In an interview about the recent election, author Paul O’Neil took aim at Trump’s mandate talk, noting that, “Trump’s margin of victory was humdrum. His final vote tally will fall millions short of the votes won by Biden in 2020. The opposition to him is huge and intense and in the right. So let’s be clear: this malicious criminal does not have the barbaric mandate he claims for himself.
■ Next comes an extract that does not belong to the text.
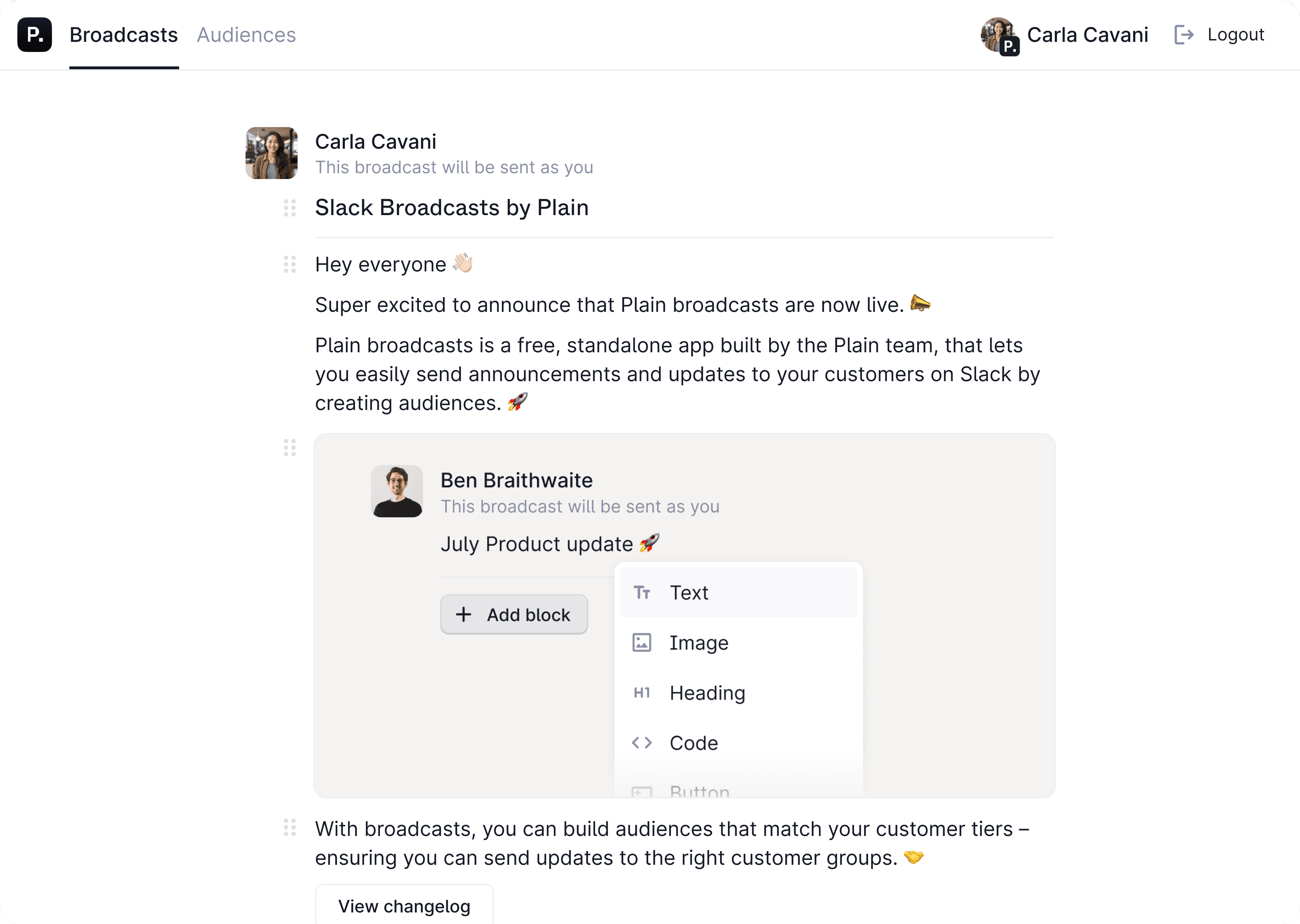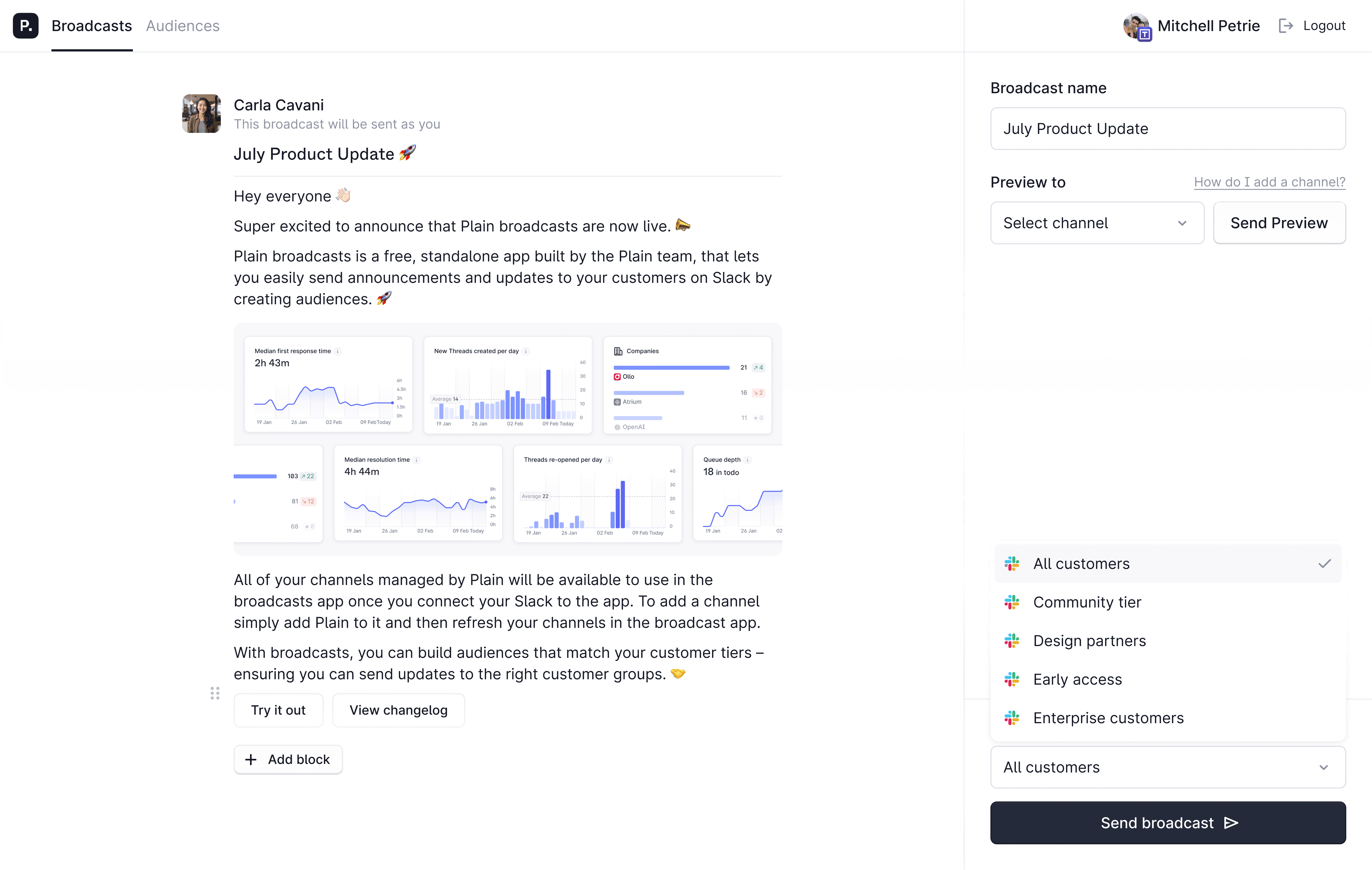 Connect your company Slack to Plain broadcasts and never miss an opportunity to share your wins with your customers again. A free, standalone app, brought to you by Plain.

On the contrary, it is the opposition that has a mandate, derived from centuries of democratic tradition.” O’Neil’s assertion that it is in fact the Democrats and other opponents of Trump who have a mandate is an idea we should all take to heart, a no-holds-barred attitude not of resistance but of utter defiance. It would be myopic to view this election outcome without context, without a sense of our long history of increasing democracy and the way MAGA seeks to slam that flow into dizzying reverse. Even if Harris had not received nearly as many votes as Trump, the Democrats would still have the full authority of American democracy and the constitutional order behind them. It’s time to start acting like it.